Let's say that you're going to rent a one-bedroom apartment for $1,000 per month. If the deposit is equal to the rent, then you'll need $2,000 saved just to move in, plus your moving costs.
Since you should also have money remaining for an emergency fund, you're looking at a minimum of $3,000. That's just a minimum, and it could easily cost you more if you have a more expensive move or deposit.
Calculate how much rent you can afford
Before you start apartment hunting, you'll need to have a price range in mind. The most common recommendation here is that you spend no more than 30% of your gross (before taxes) income on rent. So if your gross income is $2,500, then your limit on rent would be $750.

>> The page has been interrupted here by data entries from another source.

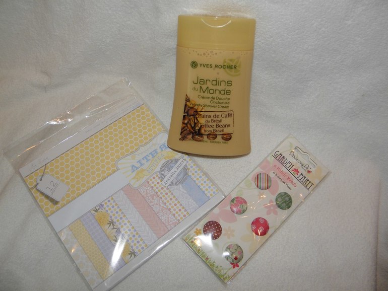 А это подарочки моему скраповому хомячку(наборчик бумаги и интересные тканевые брадсы) и ароматный подарочек для душа!гели для душа не люблю,но именно этот единственный,которому принадлежит моё сердце)))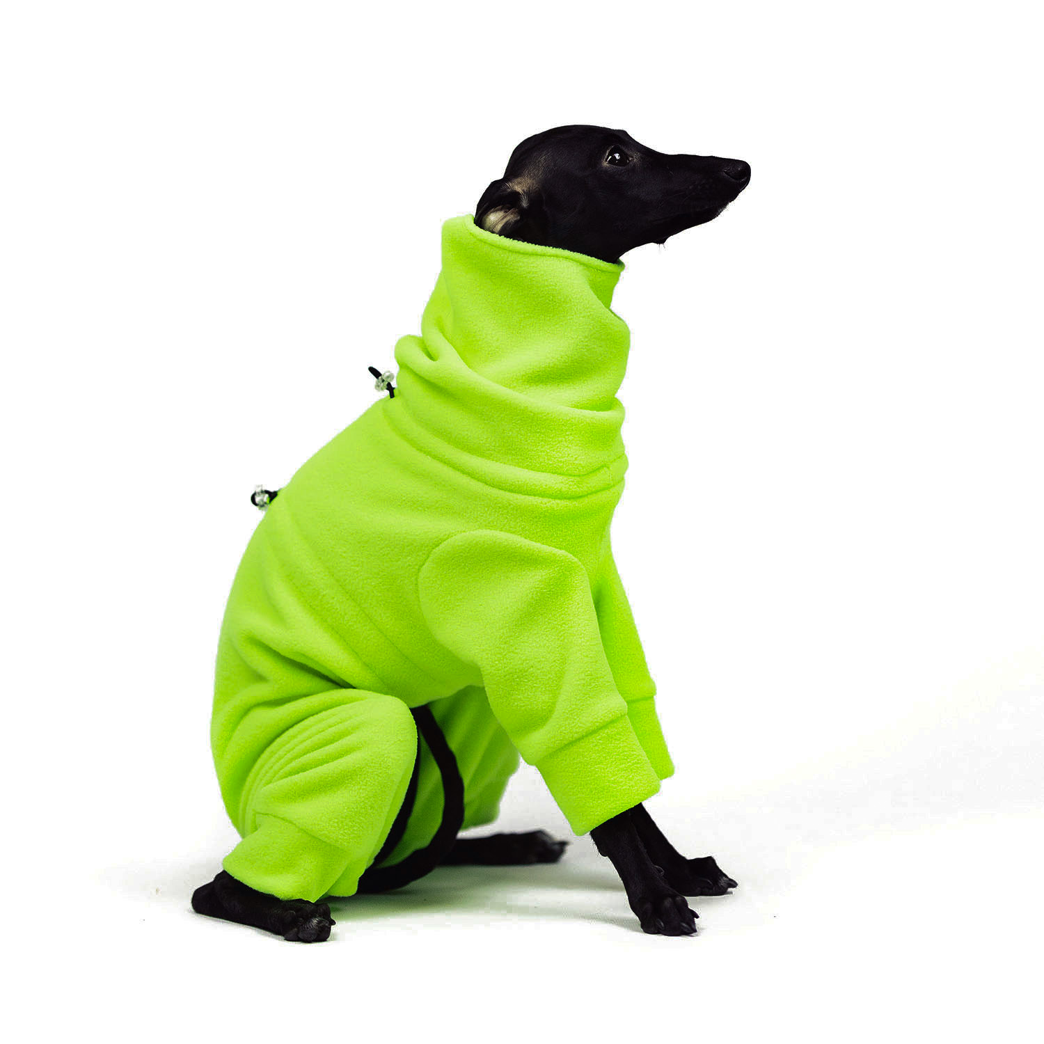 Neonowy kombinezon dla charcika włoskiego, nie sposób go przeoczyć! Idealny na długie spacery, krótkie przebieżki i wszystkie momenty pomiędzy.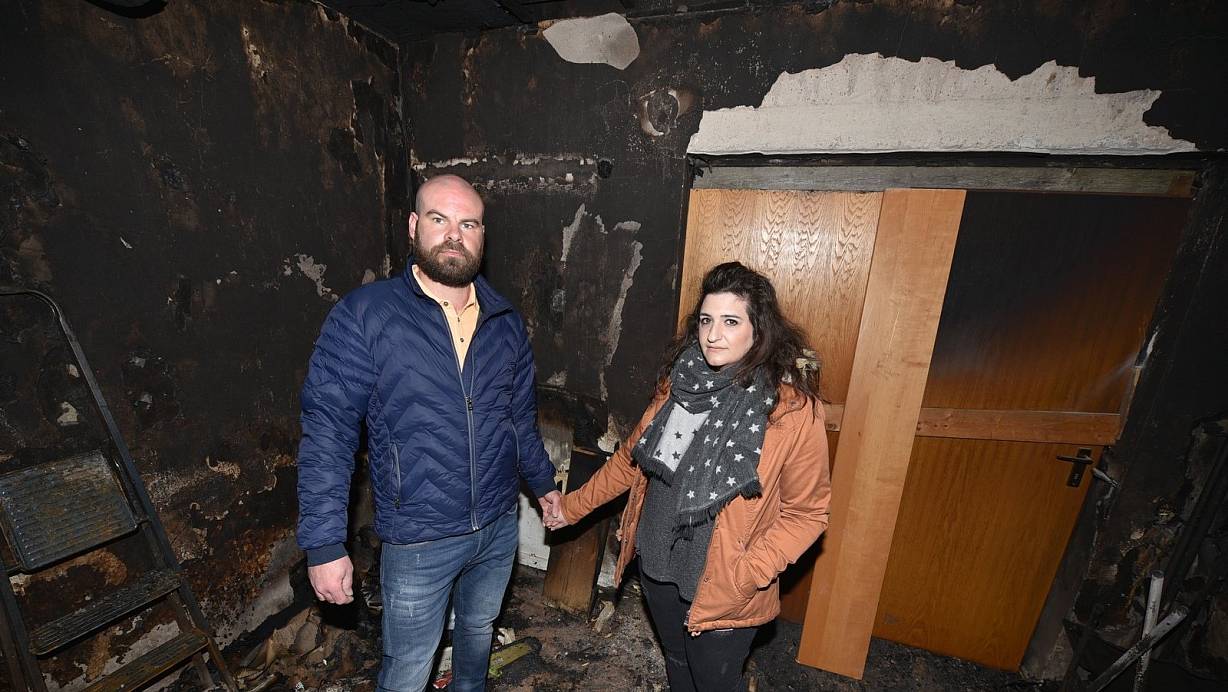 In dem Raum brach das Feuer aus, wo Luisa Arena und Marcel Fischer stehen, Brandrauch ist noch in der Luft wahrnehmbar. | © Thomas Kube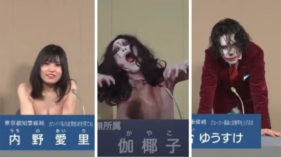 Candidaturas al gobierno de Tokio, Japón, causan revuelo en redes sociales, por inusuales procesos de campaña.

If you're moving to an area with a high cost of living, then you may find that there aren't many, if any, desirable apartments in your price range. In that case, you can cut costs by living with roommates.
It's usually best to live with someone you know, if possible, but that isn't always an option. If it's not, you can look for room rental listings or roommate wanted ads online. Just be prepared to spend some time shopping around so that you can find the right living situation.
Put together a budget
The final step to ensure that you're ready for this move is to make a budget. This is where you list all of your projected monthly expenses and see how much of your income you'll be spending on these expenses. While expenses vary depending on your lifestyle, here are some of the most common:
With fixed expenses, such as your cell phone bill or your health insurance, you can just plug in the exact amount. However, given that it's going to be your first time on your own and there will be bills you haven't paid before, you'll also have areas where you need to use projected expenses. These are your predictions for what that expense will cost you per month, on average.
Wondering how you can come up with these projections? You'll need to ask around and do some research. Your parents can likely help you estimate quite a few of your expenses, and you can fill in the gaps by searching online for what other people pay in the area where you plan to move.
Once you have your budget, you should verify that you can afford all your bills with plenty of wiggle room. A popular recommendation is that all of your expenses after rent should be no more than 50% of your gross income and that you put away 20% of what you make every month in your savings.
Not everyone is able to manage that starting out, but if you're going to be spending more than 70% of your income on living expenses, then it's a good idea to either wait to move out or to find a cheaper living arrangement.
Making your move into adulthood
No matter how much you prepare for it, moving out on your own is a big change in anyone's life. Still, if you follow a sound financial plan leading up to your move, you'll avoid a lot of stress later.